The sky needs another layer too. This canvas is small enough that I can rotate it and now that the background is dry, it's easy to get to the edges to sharpen them up.
Time to start on the trench coat. I make a pallet out of Yellow Ocher, Burnt Sienna, Raw Umber, Cadmium Yellow, and White. I don't bother to keep the colors isolated. There's going to be a spectrum of tones on there. I just eyeball the color I want and adjust constantly. I do keep the Raw Umber largely away from the white, though, so I can separate my darks and highlights.
The first thing I do is lay in the midtones. Having the detailed drawing is invaluable. The folds in the coat are incredibly complicated.

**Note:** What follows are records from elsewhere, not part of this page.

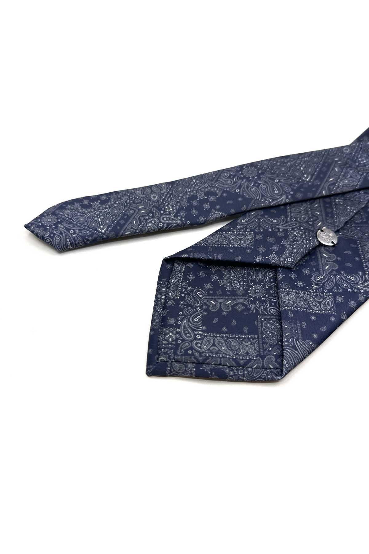 Şal Desen Lacivert Patchwork Klasik Kravat KK13360 (KK13360)
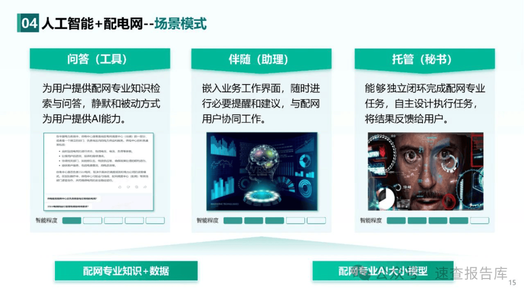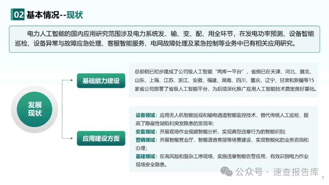总部侧已初步建成了公司级人工智能“两库一平台”,省侧已在天津、河北、冀北、山东、上海、江苏、浙江、安徽、福建、湖南、四川、重庆、辽宁、甘肃和新疆等15家省公司部署了省级人工智能平台,为后续深化推广应用人工智能技术奠定良好基础
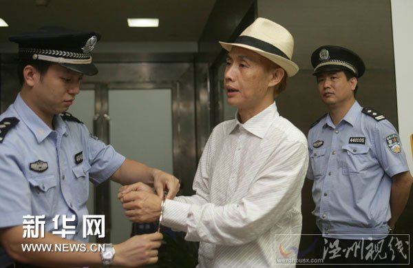 10月15日,邓建国被捕 在广州白云机场被广州市中级人民法院的办案人员带走。新华社发
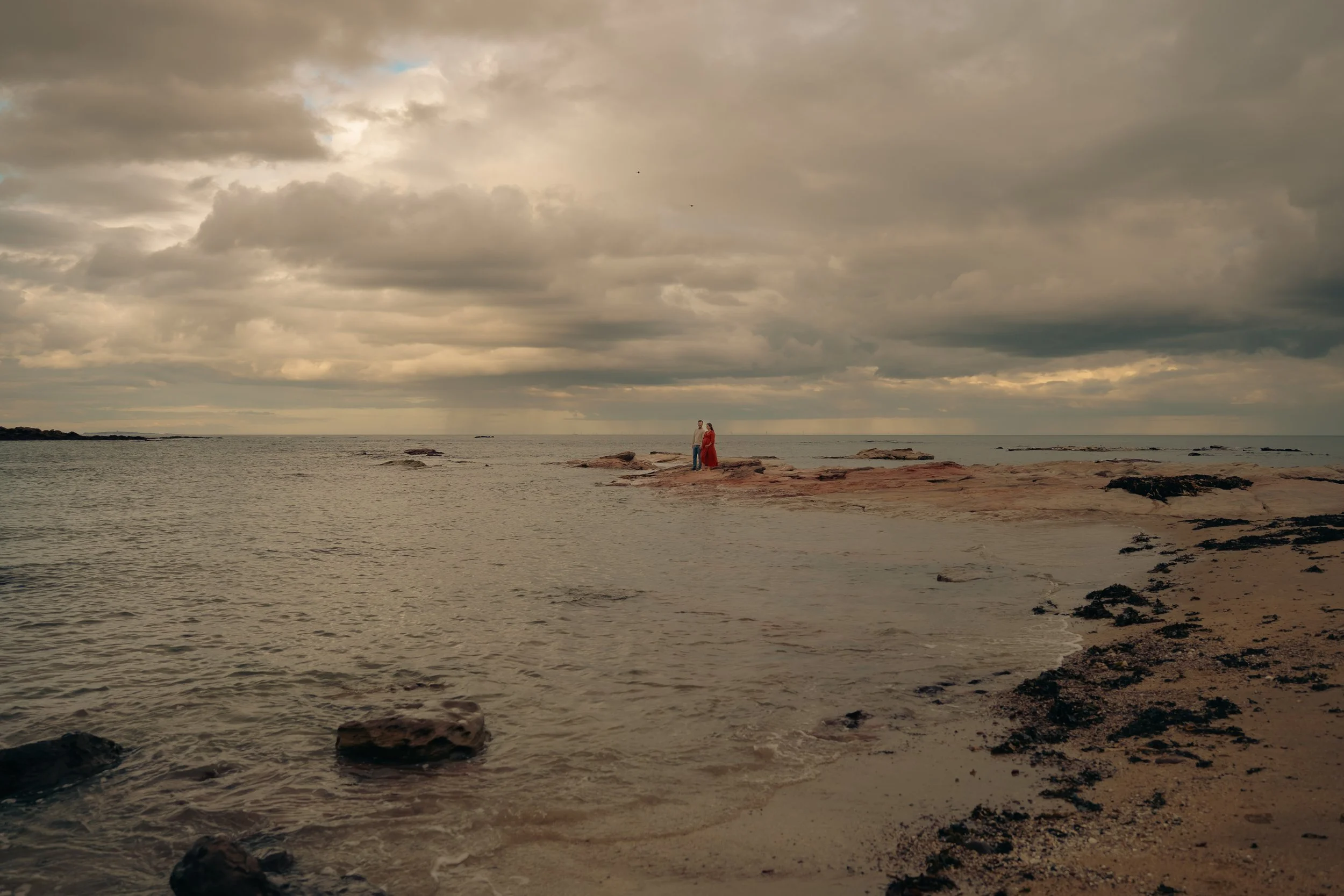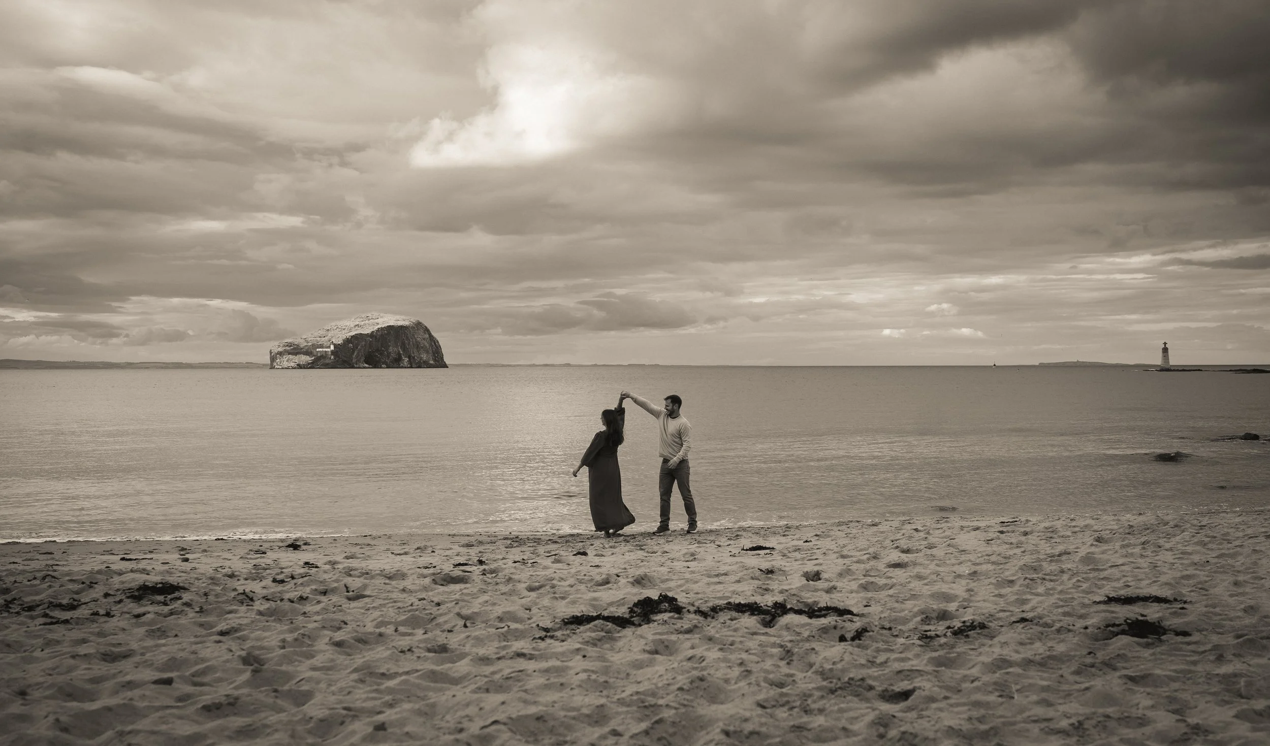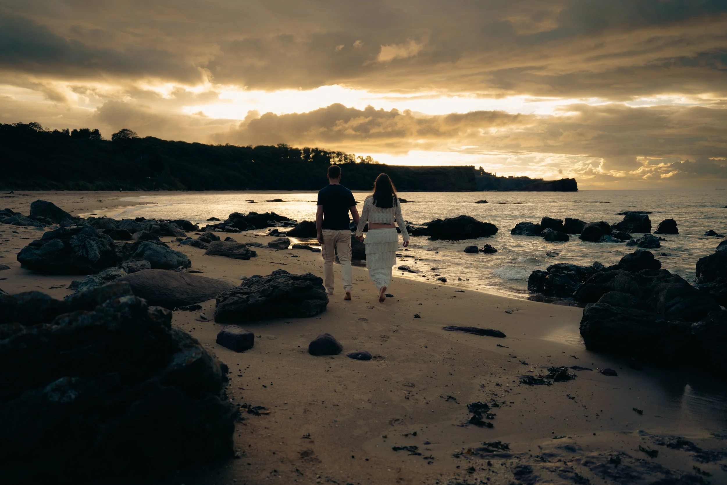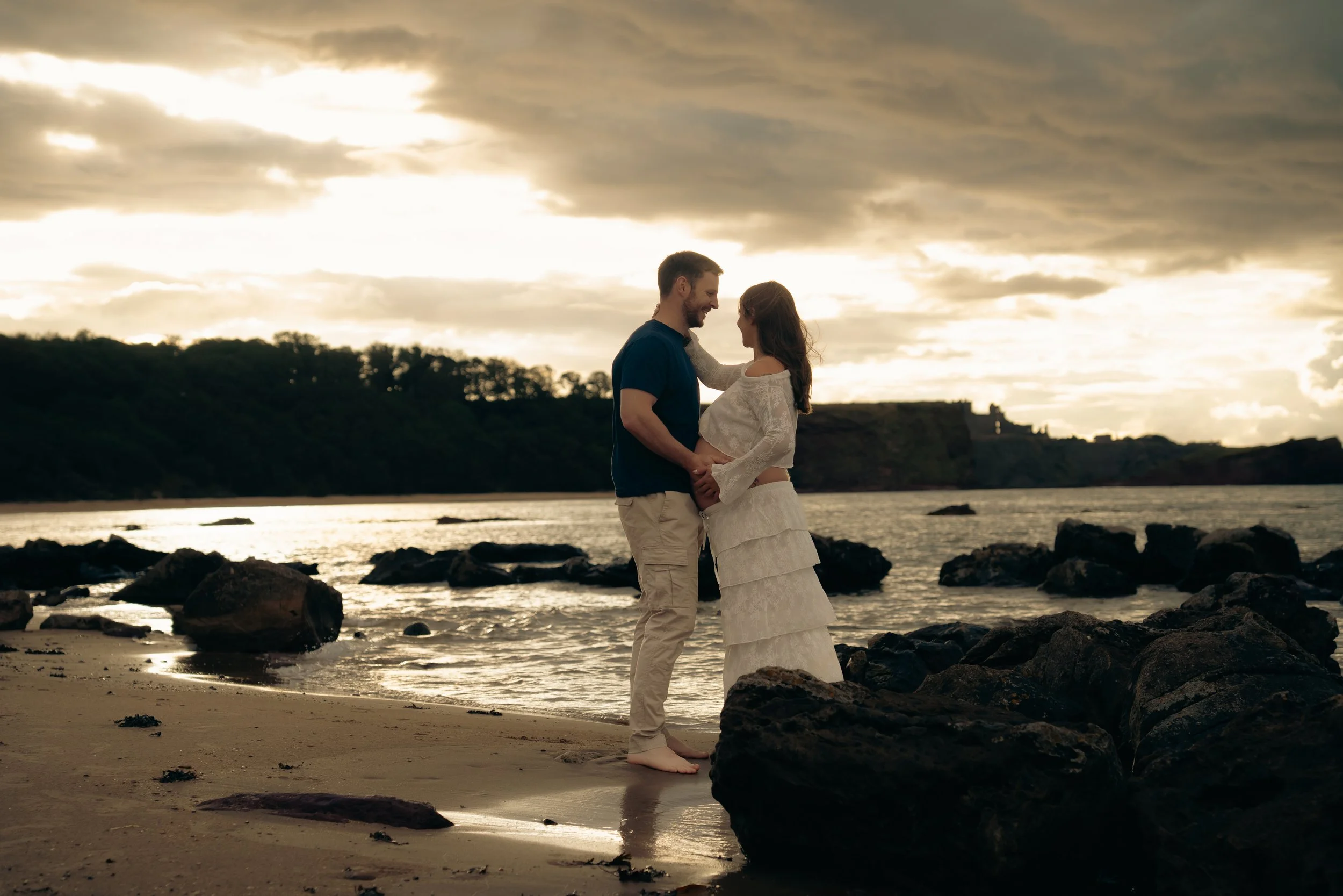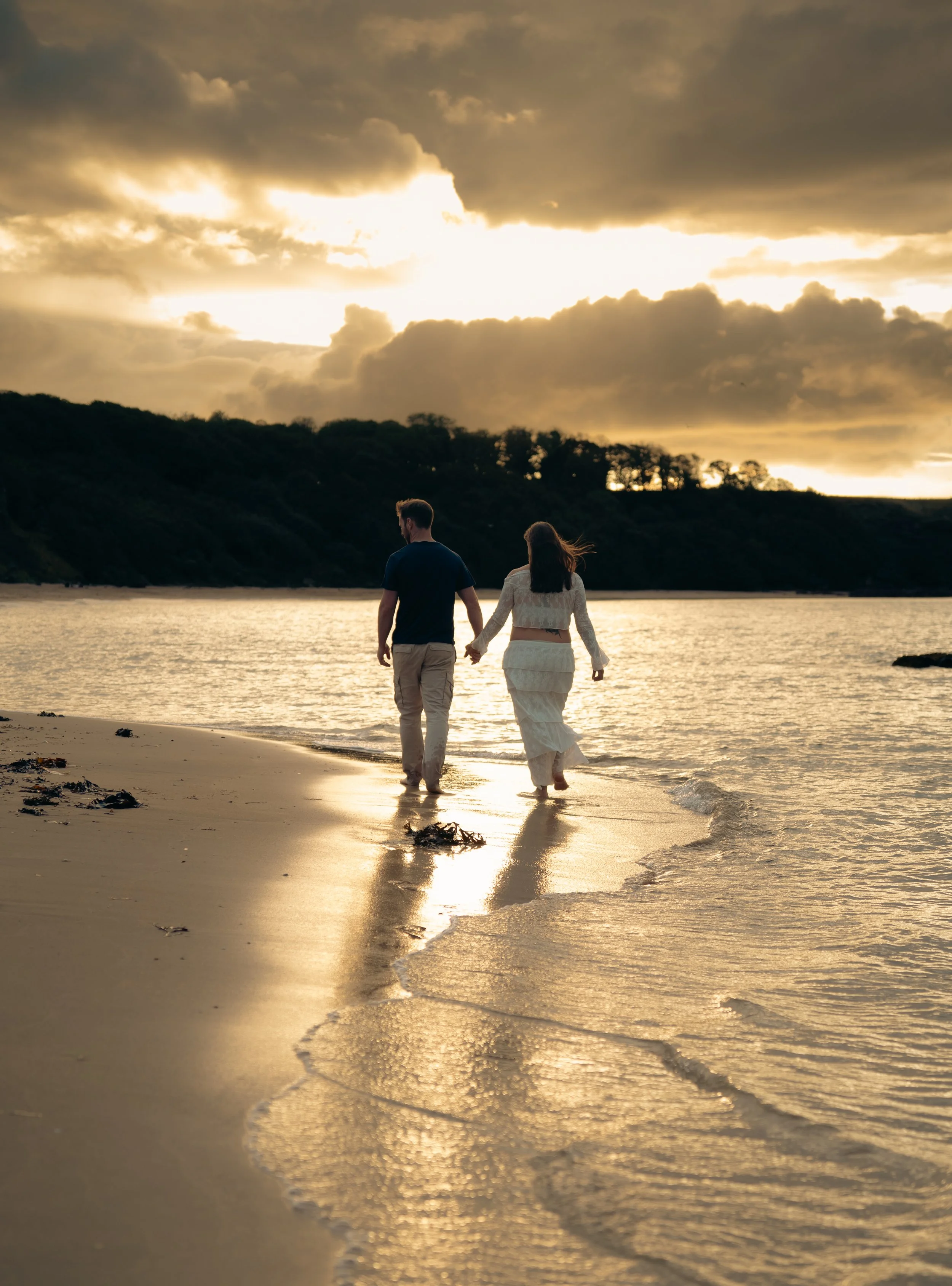 We spent the whole shoot on the beach, wandering, climbing out onto rocks for the shot, taking our chances with footing and timing, and just letting it all unfold. No jackets, no fuss - just soft light, salty air, and that feeling of being exactly where you’re meant to be. As golden hour hit, they changed outfits and danced along the water’s edge, completely in their own world. The kind of moments you can’t plan, can’t pose, just there for a second and then gone again. Exactly the ones that matter most.

I follow this with the darkest darks. I want as much contrast as possible between the dark areas of the coat and the light areas of the light in the background.
Next comes about 6 hours of careful rendering, using the same pallet. This takes a lot of careful observation of the reference material.
Now I go back over the edge against the background to emphasize the contrast.
With the coat largely worked out, I go ahead and put in the darks of the hair and tights. I also go back into the background with more darks and white where it's dry.
Now it's time to start the figure. My pallet is White, Raw Umber, Burnt Sienna, Cadmium Red, Alizarin Crimson, Yellow Ocher, some cheap "Fleshtone" (just for yucks), Payne's Gray and Viridian Green. Always, always, use Payne's Gray and/or Viridian Green in the shadows of a figure. Go look at any classical painting and you'll see this is the oldest trick in the book and makes a world of difference in making a painting look competent and professional.
This particular figure has a strong light source and chiaroscuro, so I mark that out first with the Veridian, Payne's Gray, and a little Sienna.
Now it's time to lay out the midtones using a combination of pretty much the entire pallet of colors. I put a bit more Crimson in the model's cheeks. This model has a golden skin tone, so I need to try to capture with that.
Next comes some blending, paying close attention to the reference material.
My method for painting the figure is to lay out blocks of color and blend them in. Do it again, and again, and agian, a few hundred times before it really comes together and becomes pointless to continue.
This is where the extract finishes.